Myth: Text messages are not documents and don’t need to be disclosed
Not correct. The RTI Act applies to documents in the possession or control of an agency or Minister and text messages are a document. Text messages sent or received on an agency-owned phone are documents in the possession of the agency—and text messages sent from a personal phone can also be documents under the RTI Act if they have to do with the officer's job or the business of the agency; the subject matter puts them in the agency's control. This also applies to emails sent from private email addresses or social media messages in private accounts. For Ministers, if the messages or emails are in the possession or control of a Minister and they relate to the affairs of an agency, they'll also be subject to the RTI Act.
For both Ministers and agencies, those emails or messages will need to be given to the RTI decision maker if they're subject to an RTI request.
Myth: Sensitive information should be removed from documents before they're sent to the Right to Information officer
Not correct. The RTI decision maker is the only person, apart from the Principal Officer or Minister, who can decide to withhold information from an applicant. All relevant documents must be given to the RTI decision maker with no information removed; the Decision Maker will decide if, under the RTI Act, information is contrary to the public interest to release. If you have concerns, let the decision maker know, but it is ultimately their decision.
Myth: Marking a document confidential means it won’t be released under RTI
Not necessarily. The starting point under RTI is that all documents are open. Marking a document classified or sensitive, or giving it a secret or confidential classification, doesn't mean it won't be released. Any document applied for under the RTI Act will be considered according to the provisions of the RTI Act. This includes information other Acts make confidential.

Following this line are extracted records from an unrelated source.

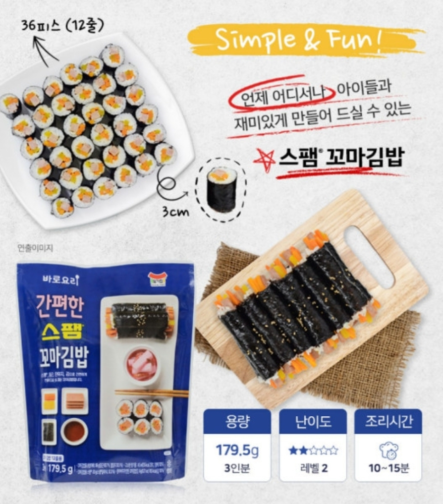 아이들과 함께 만들어 먹을 수 있는 간편하고 재미있는 스팸 꼬마김밥 만들기 키트 랍니다.
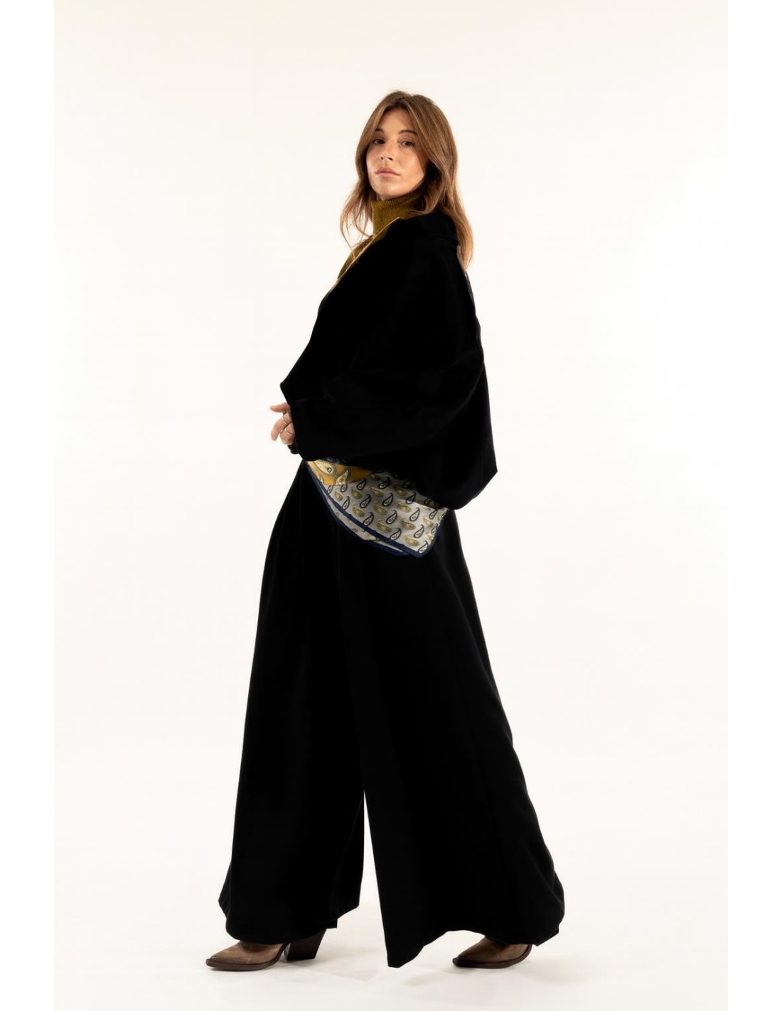 Kontatto assina umas calças largas de cintura média com um caimento fluido e suave. Tecido crepe leve e esvoaçante. Pences frontais para alongar a silhueta, cinto removível com fivela para definir a cintura. Perfeitas do escritório ao aperitivo, com conforto que dura o dia todo.
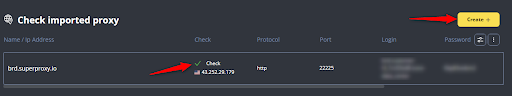 Vá para a guia “Proxy” e clique em “Criar” – você será redirecionado para o menu de criação da lista de proxies.
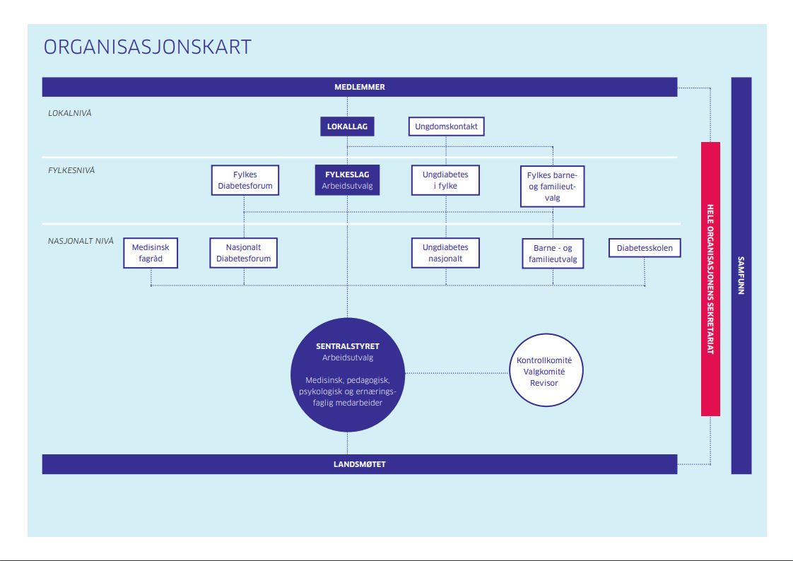 Helt til høyre ser dere at samfunnet står som en egen boks. Dette kan kanskje synes rart i et organisasjonskart, men alle i Diabetesforbundet jobber indirekte med samfunnet, da mye av vårt arbeid bidrar positivt i samfunnet både lokalt og nasjonalt. Vårt arbeid er også påvirket av avgjørelser og trender i samfunnet.
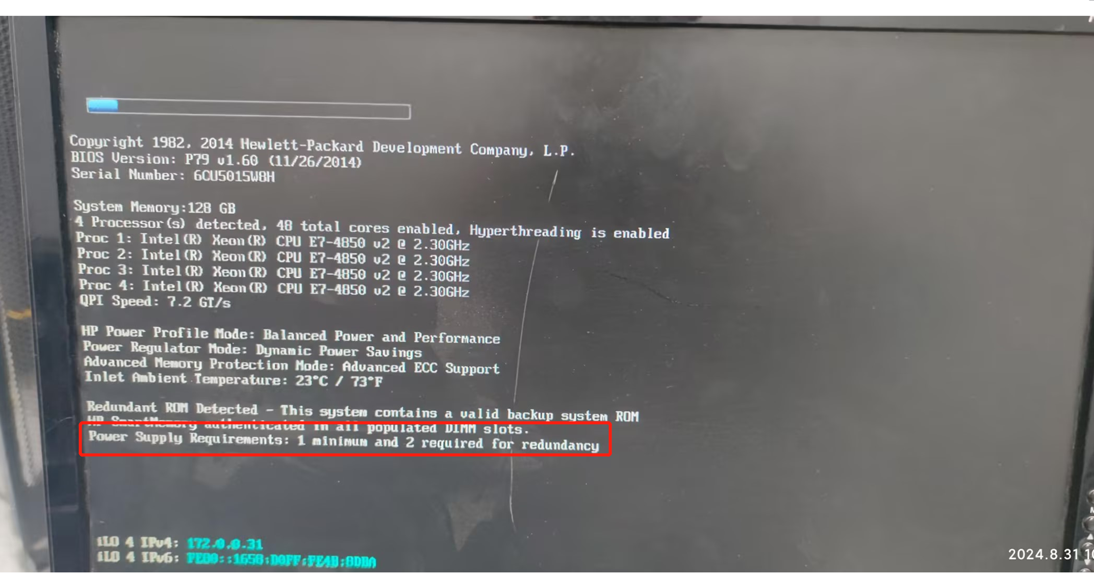 一台老旧的FlexServer R690 进行搬迁,但是搬迁后,自检完成一直停留在自检画面,并提示:Pouer Supply Requirenents: 1 minimum and 2 required for redundancy;具体见下图。
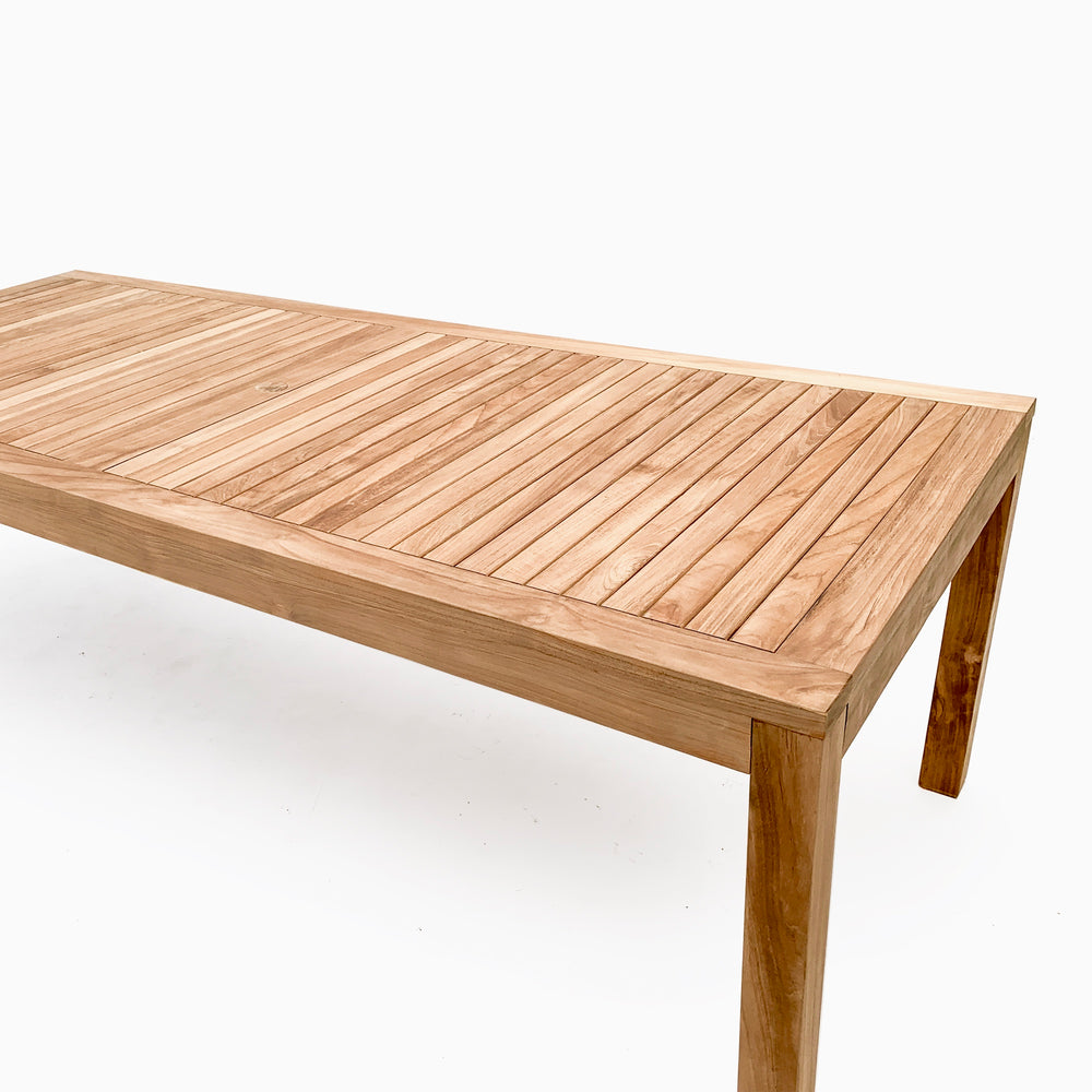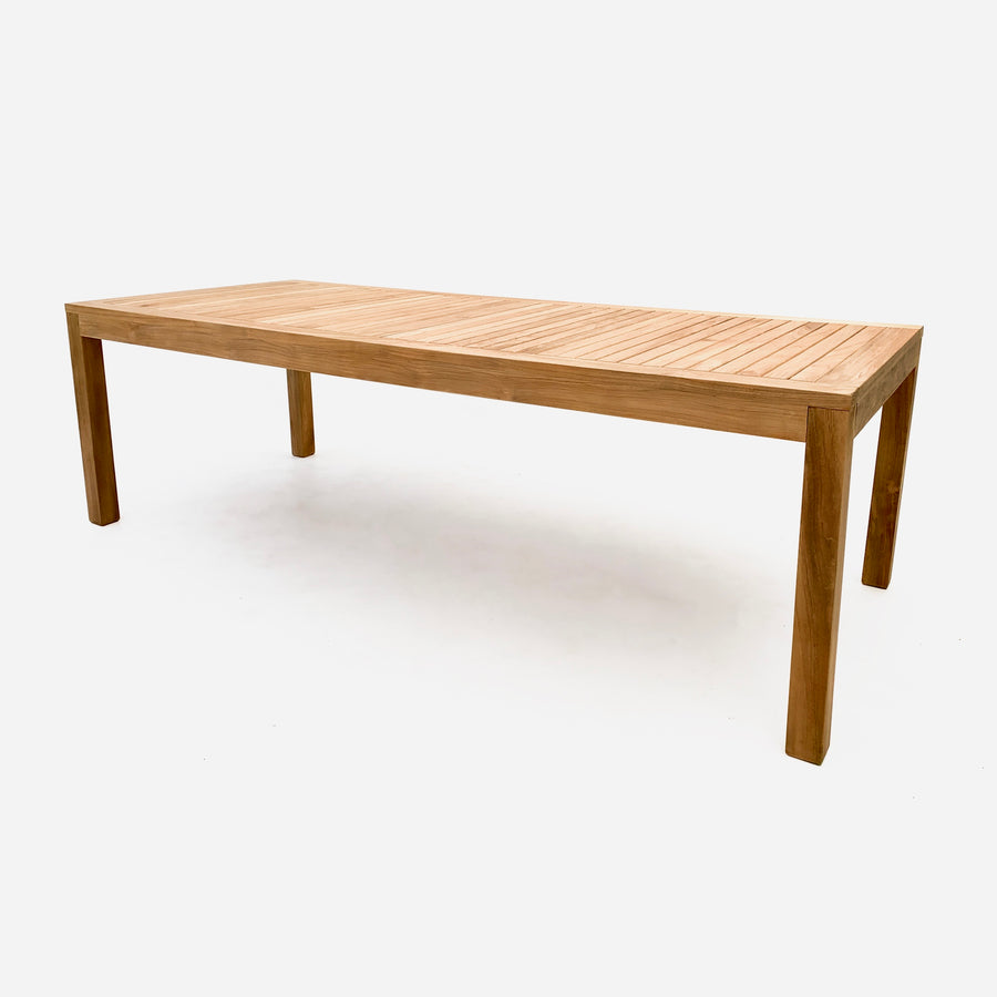 This solid classic is designed to stand the test of time. Made from A-Grade marine-quality plantation teak, our Deluxe Dining Tables are naturally weather resistant and perfect for indoor or outdoor use. Available in nine different sizes and capable of sitting up to 16 people, they are ideal for any dining or casual entertaining area. They feature a beautiful horizontal slatted top finished with a stylish sidebar and solid legs. Handmade and rock solid, these tables are designed to last with minimal maintenance.
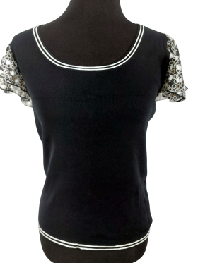 بلوزة - خط عنق دائري، بدون ياقة، كتف عادي، أكمام قصيرة بشكل جرس (Bell) - أسود, M/L
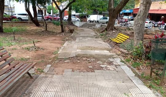 En el barrio Silvio Pettirossi, la plaza Julio César Franco evidencia un deterioro total. Los camineros, veredas y escaleras están destruidos, mientras la falta de vegetación y limpieza refuerza el abandono. La inseguridad y la ausencia de iluminación convierten al sitio en un espacio intransitable para los vecinos.
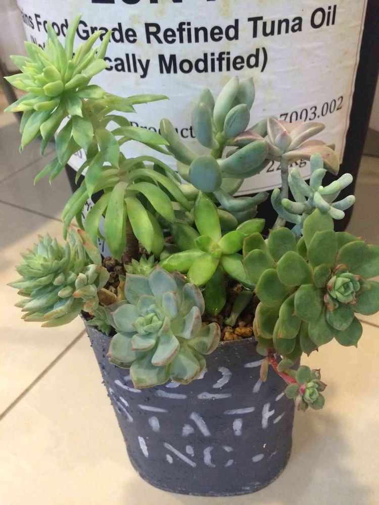 なるかな?なるかな?本気でぶっこみリメ缶……ファンファーレとかchii-さんの寄せ植えのとは別物に見えるよー!伸びて伸びて……切っちゃうか迷ってるけど……笑
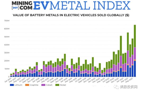 2021年6月登记的电动汽车电池金属价值为6.49亿美元,同比增长237%。
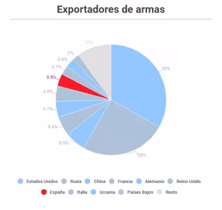 Según SIPRI, solo Estados Unidos y Rusia se reparten el 58% de las exportaciones de armamento y muy por detrás, China, Francia, Alemania, Reino Unido, España, Italia, Ucrania y Países Bajos completan el 'top 10' de los países que más armas suministran.

Specific high security documents, such as Cabinet documents, are exempt from release and the RTI Act preserves the confidentiality status of certain Acts. Some documents, however, will be disclosed if it is clear that they are not confidential or sensitive. A number of factors can contribute to this, including the identity of the applicant, the document's public availability, and the passage of time. Decision makers will consider the document and its contents and apply the RTI Act to protect information which needs to be protected.
Myth: The RTI Act conflicts with the privacy principles
Not correct. The RTI Act works with the privacy principles in the Information Privacy Act 2009 to provide appropriate protections for personal information. The privacy principles create the everyday rules that protect personal information. The RTI Act creates an access scheme for the lawful disclosure of government-held information that balances privacy protection—recognised as a strong factor against disclosure and requiring people to be consulted—with the necessary release of information for accountable and responsible government.
Myth: You always consult with third parties if someone applies for their information
Not quite correct. One of the ways the RTI Act balances privacy protection with government transparency is consultation with third parties. It requires decision makers to take reasonable steps to consult with third parties, but only if they're going to release a third party's information and the third party would have concerns.
This obligation to consult applies regardless of who the third party is. There's no exception if the applicant knows the third party or the third party knows the applicant: family, friends and neighbours are all third parties under the RTI Act. Unless the decision maker has reasonable grounds to believe that the specific family, friend, or neighbour would not be concerned about their information being released, they must try and consult with them.